You have three variables: the eligible salary, the number of years worked, and the multiplier.

The eligible salary is calculated through a variety of methods, but tends to be the average of the highest X years of work over the last Y years. For example, in Alabama, it's the average of the highest 3 years of the last 10 years. In Tennessee, it's the average of the highest consecutive 5 years. In Georgia, it's the average of the two highest consecutive years.

The multiplier is probably the single most important variable, though. My father, for instance, worked in Alabama, with a 2.0125 multiple. Let's say for instance his eligible salary was 100k to make the math easy. If he retired with 10 years of service, he would receive ~20k per year. With 20 years of service, ~40k, etc. For me in Tennessee, my multiplier is only 1.5. If when I retire I have an eligible salary of 100k, with 10 years of service, I'll only make 15k. With 40 years, I'll make 50k. (Yeah, my dad got a much better deal, and that's before we talk about the DROP program). Georgia, for reference, has a 2.0 multiplier.

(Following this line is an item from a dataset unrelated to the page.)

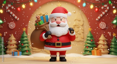 christmas, santa, claus, holiday, festive, cheerful, jolly, gift, present, bag, sack, snow, light, tree, decoration, happy, merry, red, white, cartoon, three-dimensional, rendering, illustration
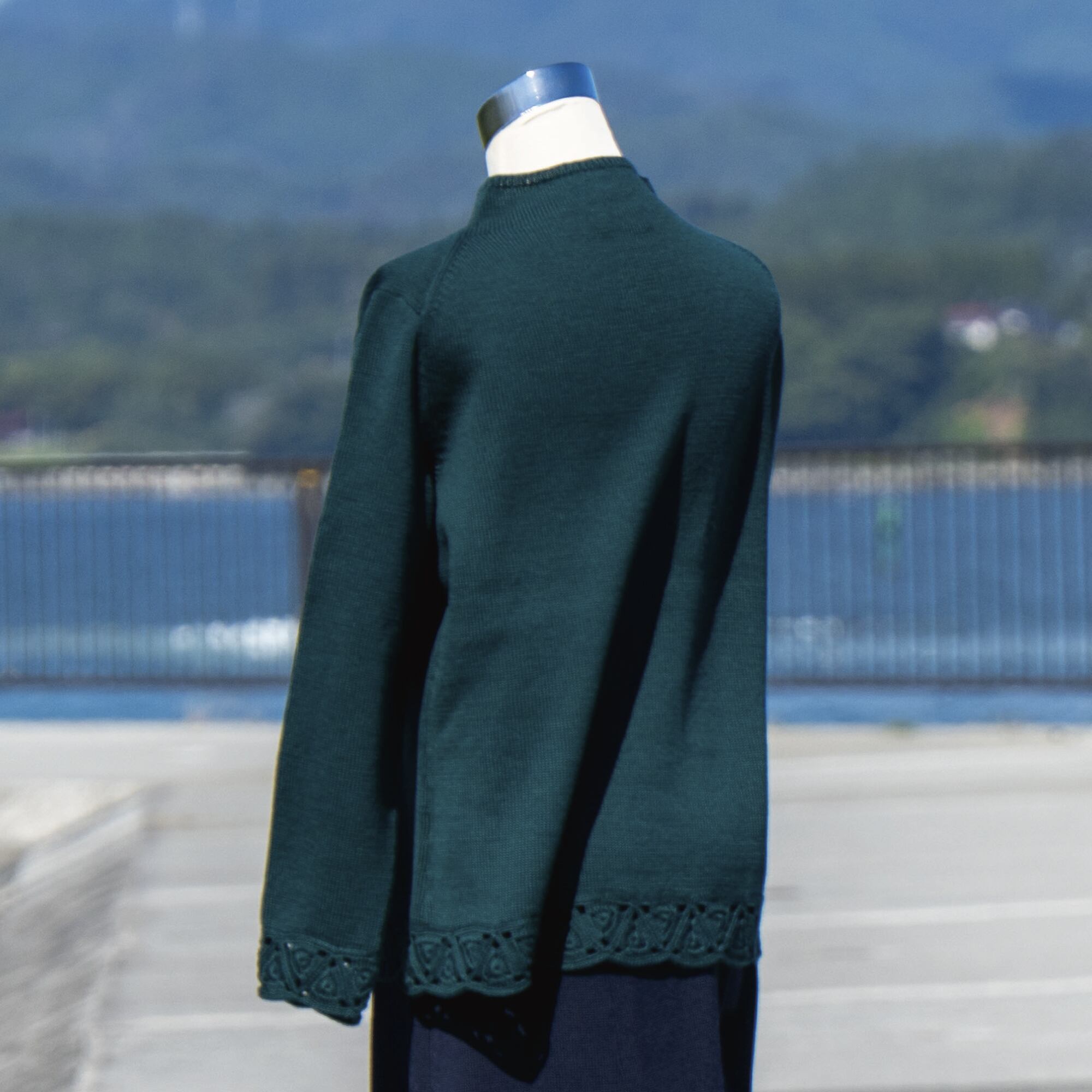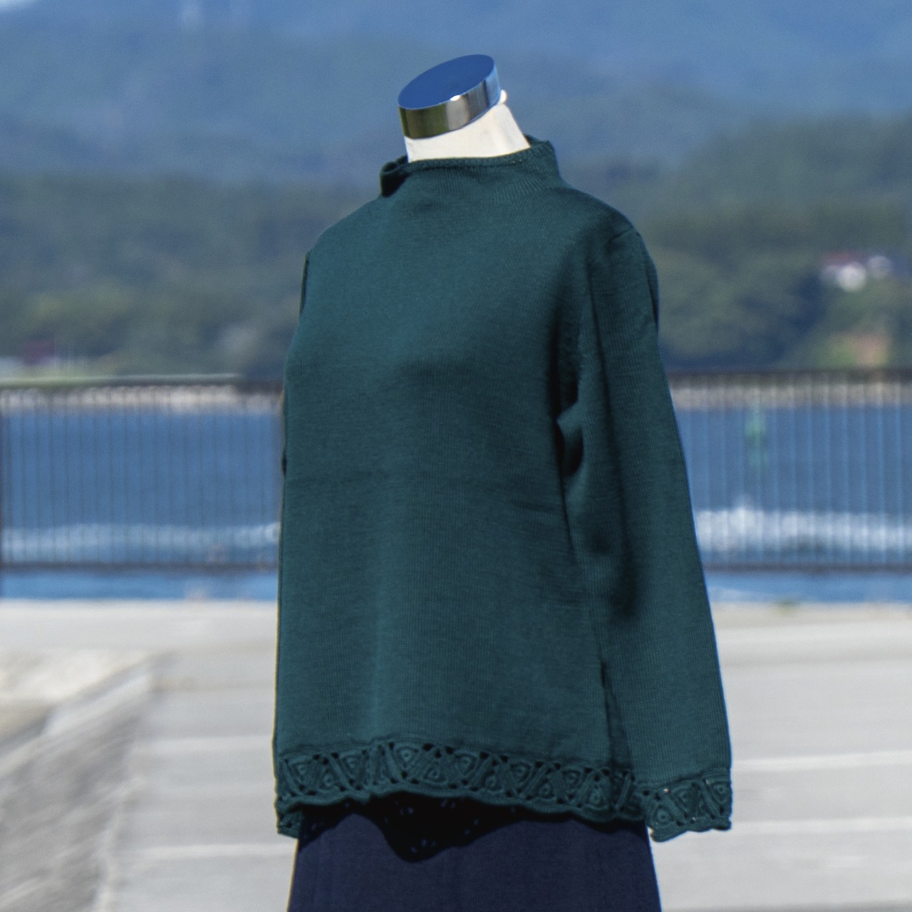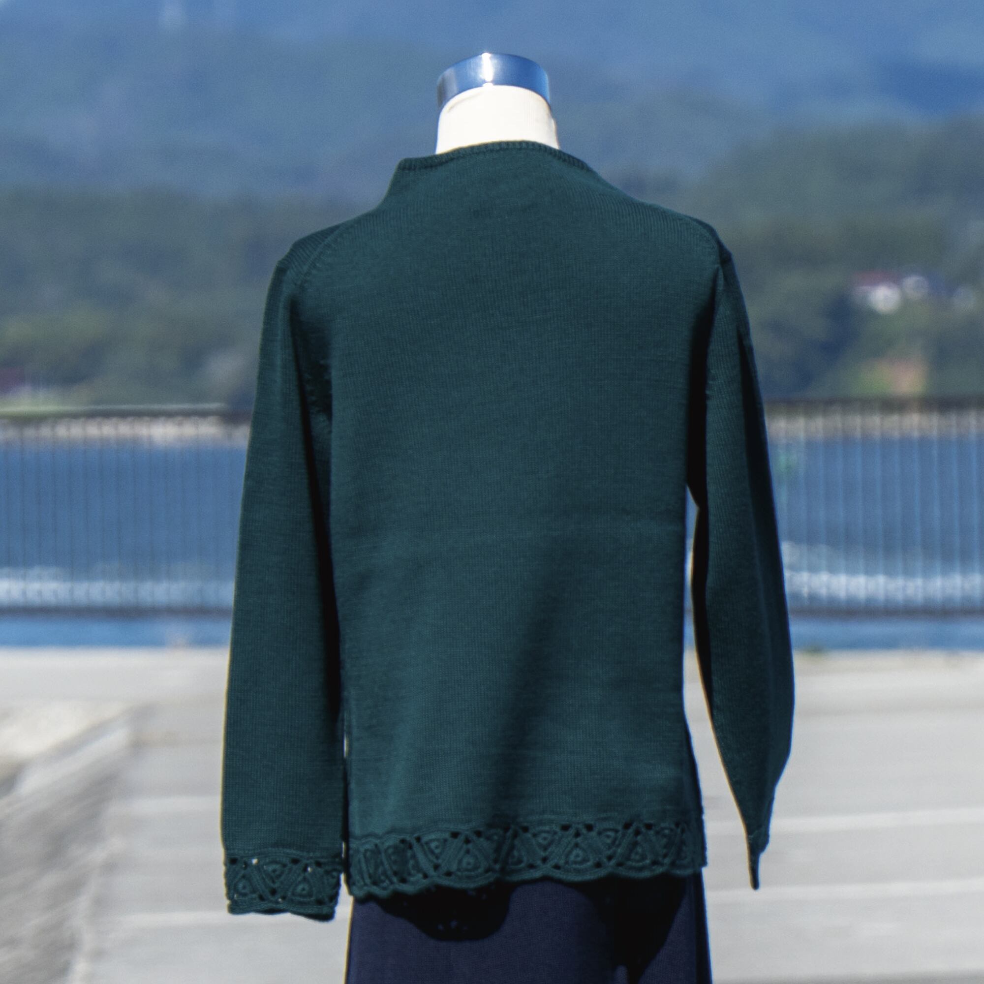 袖口を手編みのモチーフ編みで仕上げました。ジャケットから覗くモチーフの部分がアクセサリのように主張します。

A minor difference thing to consider are time to vesting (Tennessee is only 5, but Alabama and Georgia are 10), but over an entire career, those don't make much of a difference for overall payout.

Because the ways to calculate the eligible salaries (highest two years really helps folks in departments with rotating chairs), I'm not sure how well one can generalize about the pensions. One thing for sure is that they tend to be quite decent since you also collect social security benefits. Anecdotally, for instance, between his pension with 30 years worked, social security and differing retirement tax rules, my dad takes home more now than when he worked. Plus in academia we tend to be able to work well into old age which really boosts our pension income.

Based on what I've read, private pension funds work the same way, just with ever so slightly different variables.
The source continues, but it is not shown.